Il tedesco e il suo compagno di squadra Kimi Raikkonen hanno risposto alle domande dei tifosi, tra cui anche una legata alla musica e ai videgame: “sono stato al concerto dei Coldplay a Rio, degli Stones a Montreal, che difficoltà a trovare i biglietti. Videogiochi? Qualche volta, sia di calcio che di motori, come Fifa o Mario Kart. Giochi di motori soprattutto quando ero più giovane, le poche volte che ci gioco ora lo faccio con gli amici e c’è solo Fifa“.

“Credo che la chiave sarà essere più veloce, avere più velocità, a livello di punti siamo un po’ indietro ma non è un divario incolmabile, guardando a quello che ho fatto negli anni scorsi mi sono trovato in situazioni peggiori. E’ difficile dirlo, ma credo che la nostra macchina è forte in circuiti simili a questo, la chiave sarà essere veloci ovunque ed è quello che cerchiamo di fare abbiamo degli aggiornamenti per questo weekend e vedremo come funzionerà“, ha concluso Vettel in conferenza stampa a Spa.
Sebastian Vettel ha rilasciato anche una lunga intervista a Motorsport, in cui ha parlato della differenza tra Ferrari e Mercedes, ma non solo. “Penso che abbiamo avuto gare dove ci siamo confermati più forti ma non abbiamo vinto per un motivo o per l’altro, – ha detto il tedesco – così come abbiamo avuto weekend in cui le Mercedes erano più veloci ma non sono riuscite a vincere. Credo che su questo fronte ci siamo equivalsi. Un aspetto per me particolarmente importante è stato constatare che la Mercedes prima della pausa estiva non era più veloce, un’impressione che invece avevo avuto ad inizio estate. Li abbiamo ripresi, ed in Ungheria sull’asciutto eravamo noi i più veloci”.

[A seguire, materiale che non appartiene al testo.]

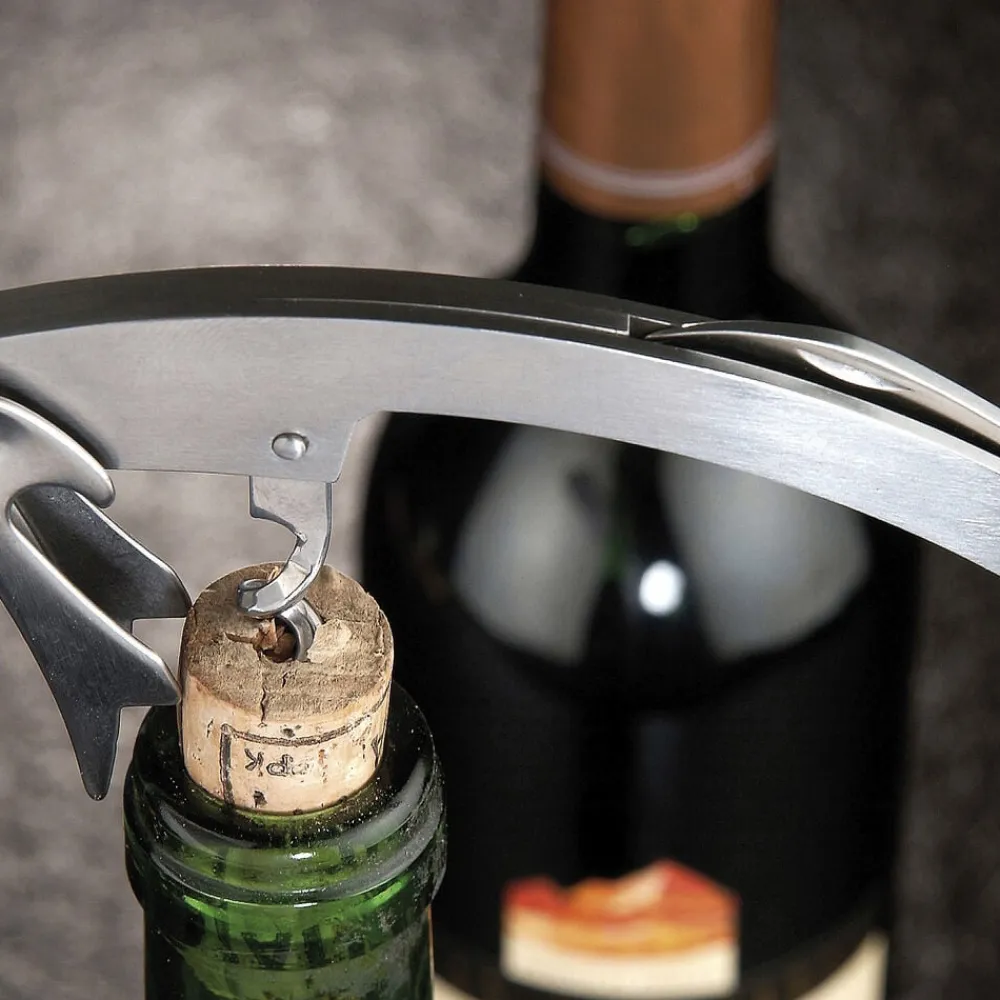 Klassisk tjenerværktøj i stål med indbygget folieskærer.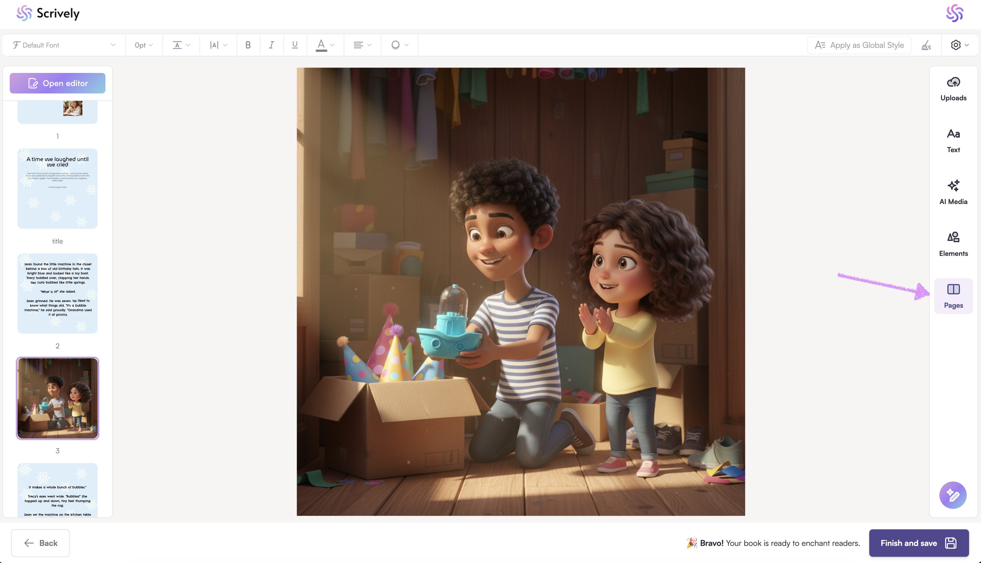 In the Designer (book layout view), open the "Pages" tool from the panel on the right side.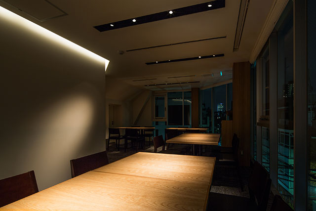 4Fは、パーティーに利用可能なプライベートな空間。天井や壁面には過度な装飾は避け、必要最低限の設備で料理や雑談を楽しめる、居心地の良い空間に仕上げました。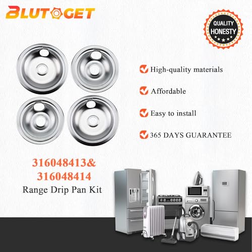 316048413 and 316048414 Chrome Stove Burner Drip Pans Replacement Compatible with Frigidaire Whirlpool Electric Range Include 2 x 6 in, 2 x 8 in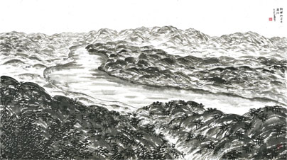 5. 오두산에서 본 한강 한지에 수묵 2021년 74x256cm
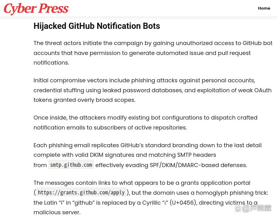 2025年9月,网络安全研究人员披露了一起利用被入侵GitHub Bot账号向开发者投递钓鱼邮件的新型攻击活动。攻击者通过伪造合法的Issue或Pull Request通知,诱导目标点击嵌入链接,进而窃取个人访问令牌(Personal Access Token, PAT)及OAuth授权凭证。此类攻击不仅绕过了传统基于SPF/DKIM/DMARC的邮件验证机制,还借助GitHub官方SMTP通道(smtp.github.com)发送邮件,使内容外观与真实通知几乎无法区分。更严重的是,一旦攻击者获得仓库写权限,即可直接篡改CI/CD流程、注入恶意构建脚本,甚至污染下游依赖包,形成典型的软件供应链攻击链。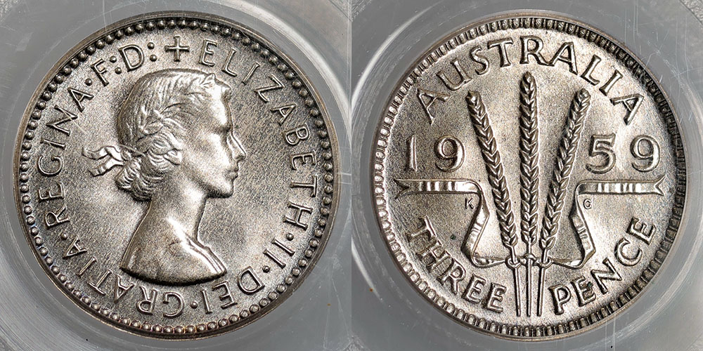 1959 Proof Threepence. PCGS graded PR 65 (12703954). Light tone.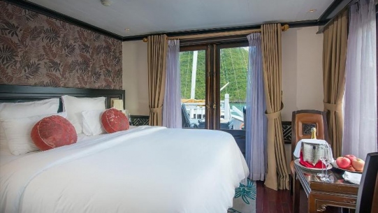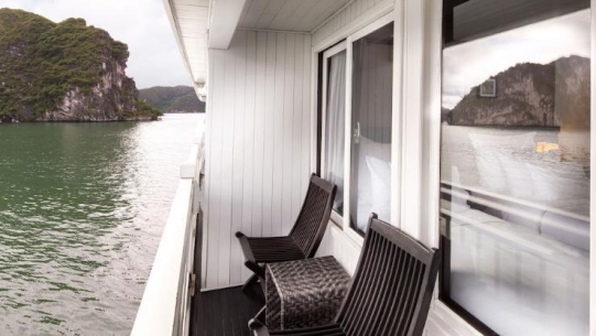 Cabin description – Vị trí: tầng 2– Diện tích: 18 m²– Loại phòng: Twin or Double – Tối đa số người trong phòng: 2 người lớn + 1 trẻ em dưới 12 tuổi (extra bed - kê giường phụ, sẽ tính thêm phí, trẻ em từ 5-11 tuổi tính phí là 3.000.000 VNĐ/trẻ, trẻ em dưới 5 tuổi miễn phí)– Có ban công riêng ![]() Cabin facilities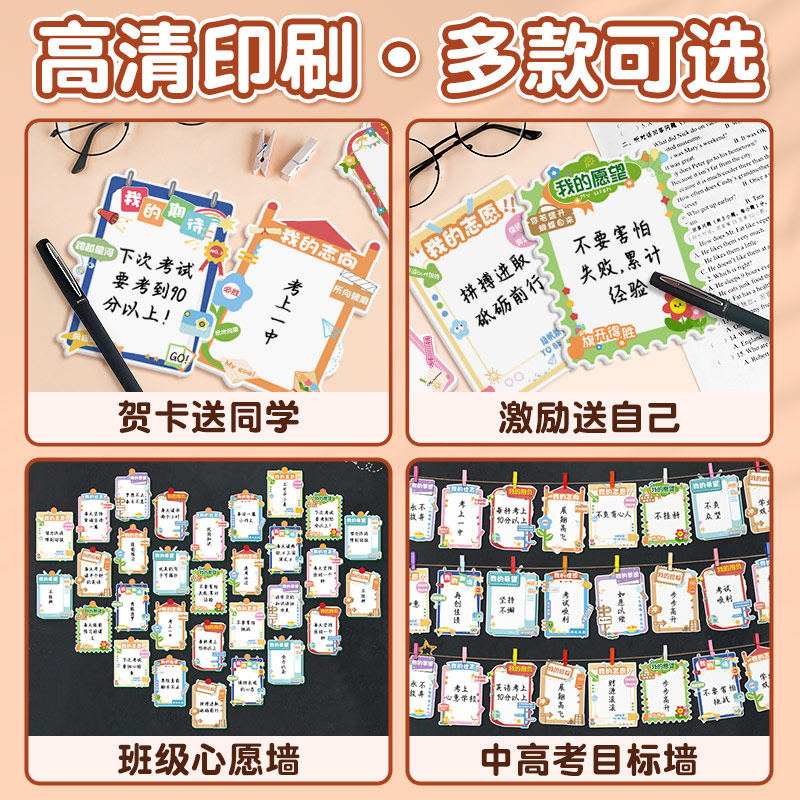📚 心愿卡小学生新学期目标墙贴许愿卡装饰中考加油励志小卡片期末手写学习计划班级开学仪式感教室氛围布置B1

“Avremo un nuovo motore, – ha svelato Vettel – A Spa ci sono rettilinei molto lunghi, quindi c’è sempre qualche novità sulla monoposto, non credo solo per noi, ma un po’ per tutti”. Sulle differenze che lo rendono diverse da Lewis Hamilton, Seb ha ammesso: “non mi interessa come sono considerato, e ovviamente non sto cercando di essere una celebrità. Sono orgoglioso di essere uno sportivo, se alla gente piace okay, ma tutti poi hanno le loro opinioni. Io e Lewis siamo due personalità differenti che condividono una passione, quindi sotto certi aspetti abbiamo parecchio in comune. Per quanto mi riguarda confermo che non mi piace la celebrità, sono molto più contento di essere considerato uno sportivo”.

“Per prima cosa faccio le congratulazioni a Pierre, visto che non l’ho ancora incontrato. – ha detto il pilota della Ferrari sul passaggio del francese alla Red Bull – È ovviamente un’enorme possibilità per la sua carriera, e credo che sia abbastanza felice! Saprà cosa fare, penso che abbia la velocità e la preparazione necessaria per questo passaggio, altrimenti non gli avrebbero offerto l’opportunità. Nel mio caso è successo parecchio tempo fa, ma lo ricordo come un grande passo, forse un po’ diverso perché a quel tempo la Red Bull non era ancora un team che aveva vinto dei Mondiali. Forse per me è stato un po’ più facile”.
Su Alonso poi, Vettel ha dichiarato: “gli auguro tutto il meglio, sono abbastanza sicuro che continuerà a correre in altre categorie, magari un giorno tornerà, mai dire mai. Gli gli ultimi anni per lui non sono andati come nelle aspettative, ma è difficile giudicare dall’esterno, non capisci mai il quadro completo della situazione se non sei completamente coinvolto nel processo decisionale, in quello che succede all’interno del team giorno dopo giorno. Ma direi che il motivo per cui non ha vinto è chiaro: non aveva un pacchetto tecnico per poter puntare a vincere”.